I use buzhash as chunker on one of my projects. Since the chunker argument is currently not available on ipfs files write I need to add all files as pins first, copy them to the location in the MFS and unpin it afterwards, which is a rather crude workaround.

I like to have the --chunker flag on ipfs files write as well.

Just as a tip: unless you cause GC, you can add --pin=false to ipfs add, as long as you use e.g. ipfs files cp to ensure that it will be retained. Worst case you would have to run the ipfs add --pin=false again afterwards.

I second the request, however. This is just a (less-bad?) work-around.

@namibj but when I'm causing a GC I'm in a deadlock since my data which I've added just got deleted with no way of knowing that it happened.
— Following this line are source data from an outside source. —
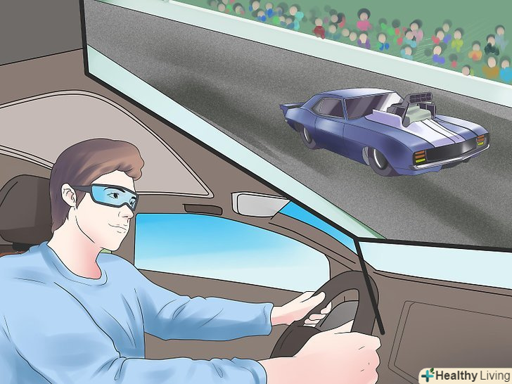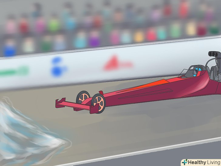 - Прискорюйтеся на фініші. Драг рейсинг не створений для прогулянкової швидкості, він створений для того, щоб подивитися, з якого тесту зроблена ваша машина. Якщо ви пройшли техогляд і знаєте свою машину уздовж і поперек, то ви повинні знати, на що вона здатна і використовувати цю можливість, щоб відкрити дросель і рвонути вперед. Втисніть педаль в підлогу і прискортеся на фініші.[8]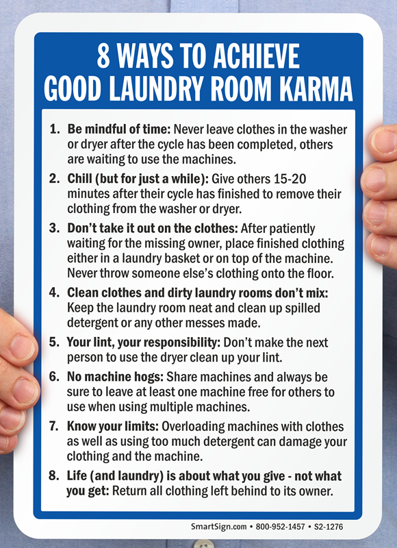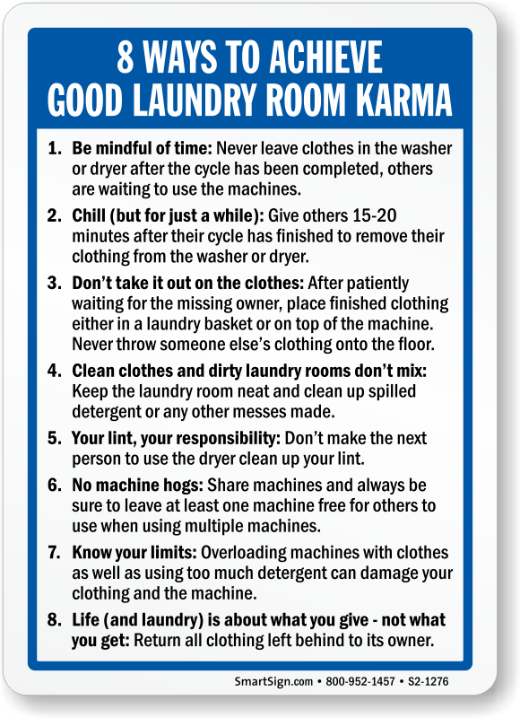 Laundry Room Rules Sign: 8 Ways to Achieve Good Laundry Room Karma S2-1276
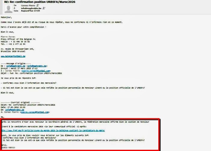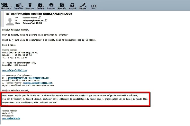 بعد أن أعلنت الجامعة الملكية المغربية لكرة القدم، أمس الثلاثاء عبر بلاغ رسمي لها، أن الإتحاد البلجيكي لكرة القدم، قد عبر عن دعمه لملف ترشيح المغرب من أجل تنظيم مونديال سنة 2026، أكدت قناة " مغرب تيفي " البلجيكية، انها راسلت في هذا الصدد الاتحاد البلجيكي لكرة القدم، من أجل التأكد من مدى صحة هذا الخبر، سيما بعد اللقاء الذي جمع أمس، بين فوزي لقجع رئيس الجامعة، ونظيره جيرار ليينارد، حيث أكد المصدر المذكور، أن رد الاتحاد البلجيكي كان صادما جدا، عقب نفيه عبر رسائل إلكترونية (الوثيقة 1 )، أن يكون قد أعلن عن دعمه الرسمي ترشيح المغرب لاحتضان كأس العالم 2026.

@RubenKelevra It seems that ipfs files stat --with-local allows querying if the files survived a theoretical GC. I didn't try how reliable it is for detecting the case of a file being almost complete (say, missing just a single byte for a large file), but if it's reliable, you could just use that to check if you need to run ipfs add --pin=false again after ipfs files cp. Keep in mind that you'd only ever call ipfs files cp once, and that ipfs add --pin=false is idempotent. Calling it twice just uses more compute.

I don't see where there would be a deadlock. Can you elaborate?

@namibj wrote

I don't see where there would be a deadlock. Can you elaborate?

Well, when you run ipfs add --pin=false and the GC removes your file, an ipfs files cp /ipfs/$cid /path/to/file would try to find the cid without any timeout.

@RubenKelevra It seems that ipfs files stat --with-local allows querying if the files survived a theoretical GC. I didn't try how reliable it is for detecting the case of a file being almost complete (say, missing just a single byte for a large file), but if it's reliable, you could just use that to check if you need to run ipfs add --pin=false again after ipfs files cp. Keep in mind that you'd only ever call ipfs files cp once, and that ipfs add --pin=false is idempotent. Calling it twice just uses more compute.

While this might work, it's still not thread-safe, since after the ipfs files stat --with-local call the file could still disappear before my next command is processed.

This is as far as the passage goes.